SharePoint 2013 will introduce
the concept of “Continuous Crawl”. It doesn’t need scheduling. The underlying
architecture is designed to ensure consistent freshness by running in parallel.
Right now, if a Full or Incremental crawl is slow, everything else awaits its
completion. It’s a sequential crawl. Behind the scenes, continuous crawl
selection results in the kick-off of a crawl every 15minutes (this wait can be
configured) regardless of whether the prior session has completed or not. This
means a change that is made immediately after a deep and wide-ranging change
doesn’t need to ‘wait’ behind it. New changes will continue to be processed in
parallel as a deep policy change is being worked on by another continuous crawl
session.
Host
distribution rules removed
In SharePoint Server 2010, host
distribution rules are used to associate a host with a specific crawl database.

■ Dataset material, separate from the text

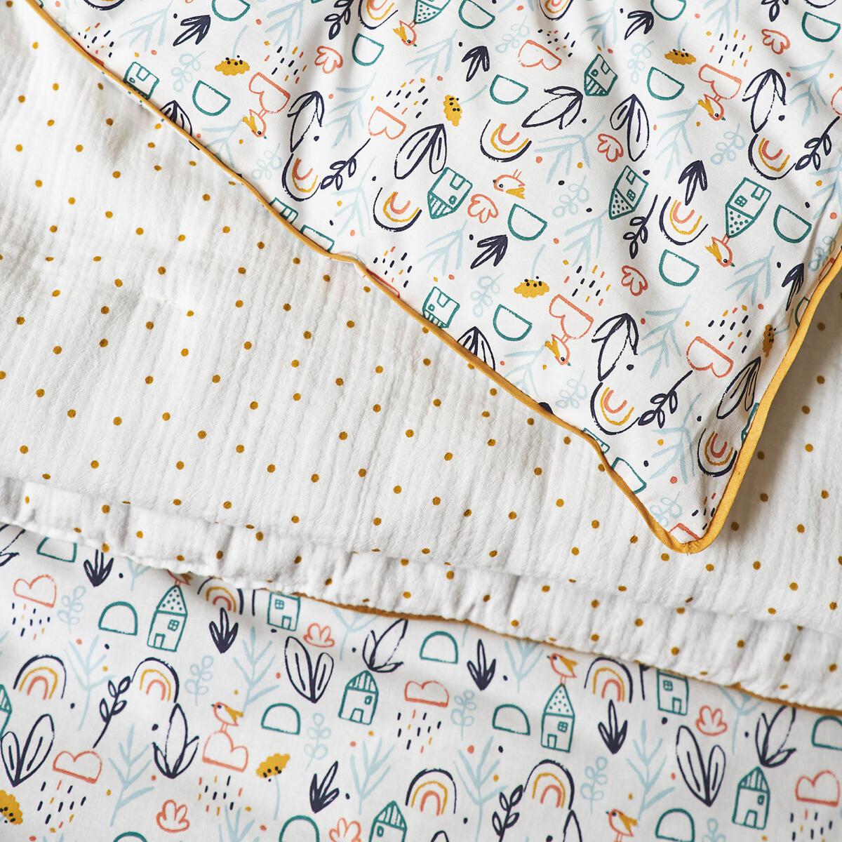 Tiny House bed linen comes alive with sweet little houses, flowers and clouds to brighten up the little ones' bedroom. Plus, its cotton fabric is kind to baby's skin.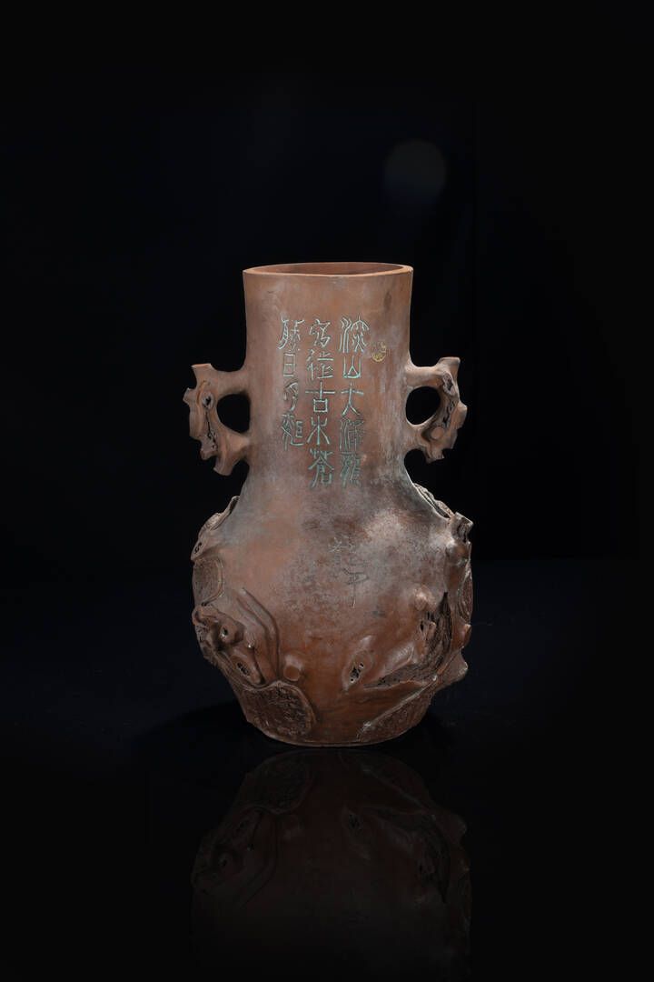 Vaso in terracotta con decori vegetali e iscrizioni Cina Repubblica XX sec H [..]

Because of changes in the search system architecture, SharePoint Server 2013 does
not use host distribution rules. Instead, Search service application
administrators can determine whether the crawl database should be rebalanced by
monitoring the Databases view in the crawl log.
Removing
items from the search index
In SharePoint Server 2010, Search
service application administrators could remove items from the search index by
using Search Result Removal. In SharePoint Server 2013, you can remove items
from the search index only by using the crawl logs.
Visual
metadata extraction
Support for extraction of
metadata using high-performance format handlers that allow for extraction of
titles, authors and dates from hTML, DOcX, PPTX, TXT, Image, XML, and PDF
formats. These format handlers look at font type and size, text alignment,
capitalization, and other visual cues that
we ourselves will generally use
to determine the title and author of a document.
Company
names entity extraction
First introduced in SharePoint
2010, company name entity extraction has undergone a serious facelift. Instead
of extraction dictionaries being managed in XML files on the file system like
in 2010, SharePoint 2013 now managed inclusion and exclusion dictionaries from
within the term store of the Managed Metadata Service. This greatly simplifies
the management and extension of this capability.
Result
Sources
Formerly known as scopes in
SharePoint 2010, the result sources tool in SharePoint 2013 now combines the
2010 concepts of scopes and federation into a new, powerful tool.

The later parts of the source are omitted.